Seamlessness Creates Sticky Customer Relationships
With relationship rewards, customers can enroll multiple accounts into a single loyalty program--whether the account is for a credit card, savings account, or mortgage. Then they can watch their points accrue all in one place, and you can become their primary bank of choice. This provides a significant advantage to customers, as they have more chances to earn points and offers. It also encourages customers to overcome commonly perceived weaknesses of loyalty programs, whether it's unachievable milestones or confusing offerings. When customers see their combined points stack up, it also demonstrates the value of signing up for more services, such as adding a business credit card or opening a checking account.
Not only do customers love the flexibility of earning points from a variety of transactions, it helps your products become stickier. According to research conducted by Mastercard, customers who are members of a relationship rewards program tend to make greater use of the products they have with their bank, the more products they have.
Invest in Connecting Fragmented Systems
While many banks realize the benefits of relationship rewards, many don't overcome the complex integration processes this type of program requires. A successful relationship rewards program depends on unified data sources, key performance indicators (KPIs), communication channels, and customer identifiers.

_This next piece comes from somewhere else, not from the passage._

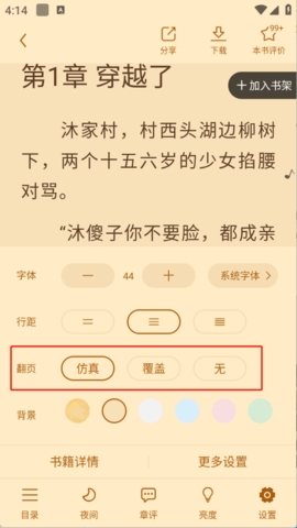 护眼模式、仿真等多翻页效果、自定义阅读设置,统统帮你搞定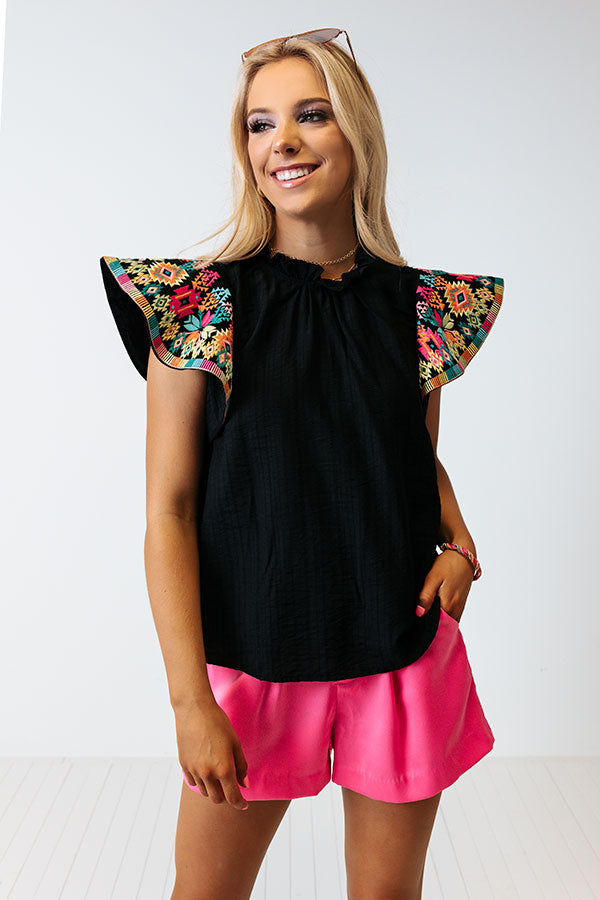 Step out looking amazing in our pretty black 'Near To Paradise' shift top featuring lightweight material, oversized cap sleeves with colorfully embroidered floral detailing, a rounded neckline, a keyhole accented upper back with a button closure, and a relaxed silhouette that falls into a straight hemline!

In terms of data integration, understanding the customer is easier said than done. A debit card customer might receive an email offer for a new credit card, compare products online, then call a 1-800 number for additional information. This represents the all-too-common challenge of useful customer insights becoming siloed in different departments. Similarly, each business line has different KPIs that a successful relationship rewards program needs to capture. For example, a credit department may want more revolvers than transactors whereas a debit department aims to increase deposits. The same divide often exists in communications channels and other internal systems that will serve as the critical foundation of any relationship rewards program.
Though integration is challenging, now is the time to act. Going forward, fragmented systems will only become an increasingly significant hurdle. If you can offer seamless experiences and centralized touchpoints—including a relationship rewards program—customers will reward you with their long-term loyalty.
Go Small for Big Picture Results
If you've done your research and you're ready to bring relationship rewards to your customers, business experimentation can help determine the features and offers that resonate most with your customers. Taking a test-and-learn approach analyzes the incremental impact of campaigns across segments and provides more insight than purely tracking portfolio performance or redemption rates as a whole.
This strategy also gives banks and issuers the freedom to test potential loyalty program features with smaller segments to quickly see which offers are getting the most engagement and which ones are missing the mark.